依存症の自覚がなくても、以下のような傾向がある方は注意が必要です。
通常なら、欲しいものがあっても自分のお財布と相談をして、無理な値段なら諦める(またはお金が入るまで買うのを待つ)といった判断をします。
しかし、借金を繰り返す人はそうした判断ができず、欲しいものがあるとつい買ってしまうのです。
特に、最近はネット上で簡単に買い物ができるので、欲しいと思った瞬間にカード一枚、ボタン一つで欲しいものを購入することが可能です。
物欲に弱い人にとって誘惑の多い環境であることは否めず、自己管理が難しい人は多額の借金を抱えてしまいます。
また、借金は一度してしまうとハードルが一気に下がります。学生時代や若いうちに借金をしてはいけないという理由はこれにあります。
足りない分は借りれば大丈夫だと思ってしまうと、借金は雪だるま式に増えていきます。
借金を繰り返す人は、お金を使ってストレスを解消していることも少なくありません。
物欲があるのではなく、お金を使うことで心理的な満足を得ており、問題の根は一層深いと言えます。現実逃避の一環として、 やけ酒、やけ食い、衝動買いなどをして散財してしまうのです。
中には「買い物依存症」に陥っている人もいます。
この症状にかかると、買い物をしている最中は高揚感でいっぱいでも、後で後悔するという繰り返しになります。精神は疲労し、それでも借金は増えていきます。

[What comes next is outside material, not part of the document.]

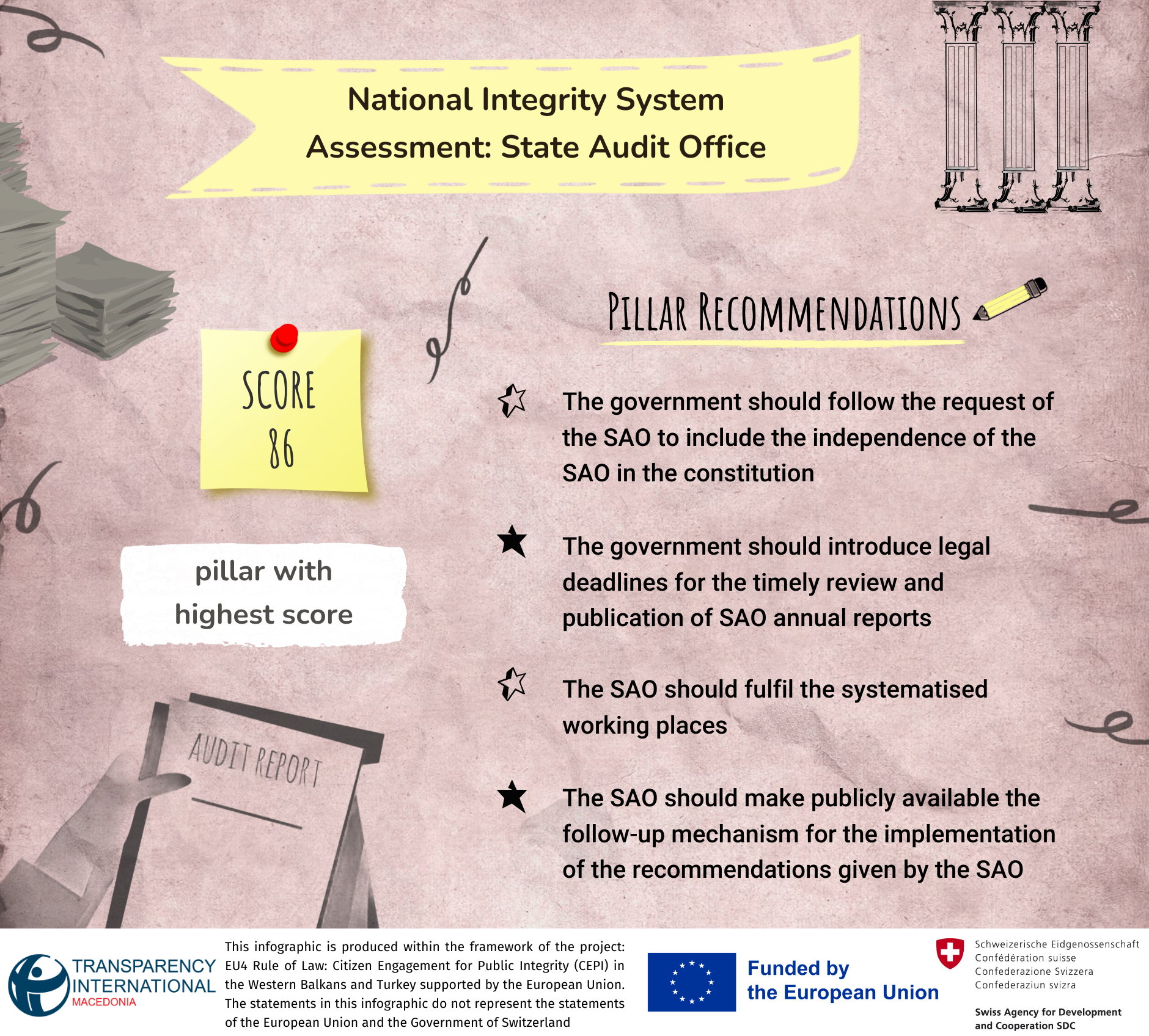 At the beginning of 2024, Transparency International-Macedonia published the report: “National Integrity System of North Macedonia”, which was prepared within the project “EU4 Rule of Law: Citizen Engagement for Public Integrity (CEPI) in the Western Balkans and Turkey”, funded by the European Union and the Government of Switzerland.

症状がエスカレートするとクリニックで本格的な治療をする必要があり、自力で立ち直るのが難しいケースも少なくありません。
この他、「ギャンブル依存症」も、借金が嵩んでしまう大きな要因の一つです。
買い物やギャンブル(パチンコなど)でお金を使うことでストレス発散をしたり、心理的な満足を得たりしているような「買い物依存」「ギャンブル依存」は借金依存症の一種です。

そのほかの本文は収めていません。